Exercise Benefits in CVD: Key Points

Valenzuela PL, Ruilope LM, Santos-Lozano A, et al.
Exercise Benefits in Cardiovascular Diseases: From Mechanisms to Clinical Implementation. Eur Heart J 2023;Apr 3:[Epub ahead of print].

The following are key points to remember from a state-of-the-art review on exercise benefits in cardiovascular diseases (CVDs):

  1. Primary prevention. Physical inactivity is an important risk factor for CVD and overall mortality, whereas self-reported leisure-time moderate and vigorous physical activity are independently and inversely associated with CVD and all-cause mortality.
  2. ‘Excessive’ exercise/physical activity. Although data suggest that long-term exposure to strenuous endurance exercise might be associated with coronary artery calcification (CAC), atrial fibrillation, and myocardial fibrosis, exposure to very high levels of leisure-time moderate or vigorous physical activity does not appear to increase the risk of CVD or related clinical events.
  3. Secondary prevention. An active lifestyle is a cornerstone for secondary CVD prevention. In general, exercise should include 150-300 minutes/week of moderate-intensity or 75-150 minutes/week of vigorous-intensity aerobic exercise or a combination of the two, at least moderate-intensity muscle-strengthening activities involving all major muscle groups at least twice weekly, and limiting sedentary time. Exercise training is contraindicated in some circumstances, including uncontrolled arrhythmia, active myocarditis or pericarditis, severe symptomatic aortic stenosis, decompensated heart failure, acute aortic dissection, acute pulmonary embolism, and in the first 2 days after acute coronary syndrome.
  4. Metabolism, inflammation, and cellular integrity. Exercise training is associated with:
    • Improved blood lipid profiles, with aerobic exercise followed by resistance training seemingly the most effective intervention to improve high-density lipoprotein (HDL) cholesterol;
    • Improved insulin sensitivity;
    • Attenuation of low-grade, noninfective systemic chronic inflammation; and
    • Promotion of cellular maintenance and repair processes, including attenuation of endoplasmic reticulum stress in atherosclerotic coronary arterioles, promotion of endogenous antioxidant defense capacity, protection against exogenously induced DNA damage, reduction in vascular reactive oxygen species in patients with coronary heart disease (CHD), and attenuation of telomere length attrition in heart tissue.
  5. Vascular health.
    • Endothelial cell integrity.
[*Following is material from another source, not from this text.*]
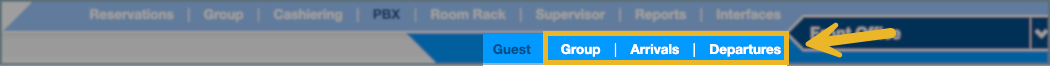 Use the Group, Arrival, or Departure sub-sections only to search for guests. After selecting one, the system automatically returns to the Guest tab.

Regular endurance exercise helps to maintain endothelial cell integrity through mechanisms including a) improved release of circulating angiogenic cells, b) inhibition of neointima formation, c) enhanced angiogenesis, d) activation of antioxidant scavenger mechanisms via mitohormesis, e) a decline in endothelium-derived adhesion molecules, and f) reduced angiotensin II-mediated vasoconstriction in patients with symptomatic CHD.
    • Endothelial function. Both aerobic exercise and resistance training improve endothelial function in a dose-response relationship among people with or without CVD, mediated by repetitive increases in shear stress resulting in improved endothelium-dependent coronary vasodilation and nitric oxide (NO) bioavailability.
    • Anti-atherogenic adaptions. Regular exercise improves elastin and collagen content resulting in less lipid accumulation and stenosis, stabilizes atherosclerotic plaque, and reduces both the necrotic core area and plaque burden. Although lifetime strenuous endurance exercise has been associated with higher CAC scores and a greater prevalence of atherosclerotic plaques, the plaque composition might be more benign and potentially associated with fewer CVD events.
    • Structural adaptations. In conduit arteries, exercise training increases luminal diameter and vasodilation capacity, and decreases wall thickness and vascular stiffness. In coronary arteries, exercise has similar effects in improved vessel size and vasodilation capacity as well as the promotion of collateral blood vessel development.
  6. Myocardial regeneration. Exercise prior to myocardial infarction (MI) might reduce infarct size, improve cardiac function after MI, and improve the molecular stress protein response involved in heart repair while downregulating the responses involved with adverse remodeling. Exercise training after MI can induce favorable left ventricular (LV) remodeling with decreased LV diastolic volume and reduce N-terminal pro–B-type natriuretic peptide among patients with moderate LV systolic dysfunction. Potential mechanisms responsible for exercise-mediated improvement in myocardial regenerative capacity include reduced myocardial wall stress, improved autonomic balance (with increased parasympathetic tone), improved vascular endothelial function (above) and myocardial contractility, telemerase activation in damaged myocardial tissue, and stimulation of circulating angiogenic progenitor cells possibly mediated by proangiogenic exerkines.
  7. Exerkines. Exercise-derived factors, or exerkines, are a broad variety of signaling molecules released during exercise with cardiovascular health benefits distinct from modification of traditional CHD risk factors. They include hormones, metabolites (including lactate), proteins and peptides (mainly cytokines, such as interleukin-6), nucleic acids, and free radicals (including NO); and exert their effects on multiple organ systems through endocrine, paracrine, and/or autocrine pathways. The cardiovascular effects induced by exerkines include enhancement of vascularization and angiogenesis, decrease in blood pressure, and improvement in endothelial function.
  8. Protection against malignant arrhythmia. Regular exercise helps protect against life-threatening arrhythmias, mediated by improvement in the autonomic balance, with higher parasympathetic nervous system tone and a reduction in β2-adrenergic receptor sensitivity and expression.
  9. Cardiac preconditioning. Regular exercise also can help prevent fatal arrhythmias by inducing cardiac preconditioning, in which brief periods of myocardial ischemia before prolonged coronary occlusion are protective against subsequent ischemia/reperfusion injury. The mechanisms of exercise-associated preconditioning include heightened defense against oxidative stress, up-regulated expression of sarcolemmal ATP-sensitive potassium channel subunits, mitochondrial adaptations, β3-adrenergic receptor stimulation, and increased cardiac storage of NO metabolites.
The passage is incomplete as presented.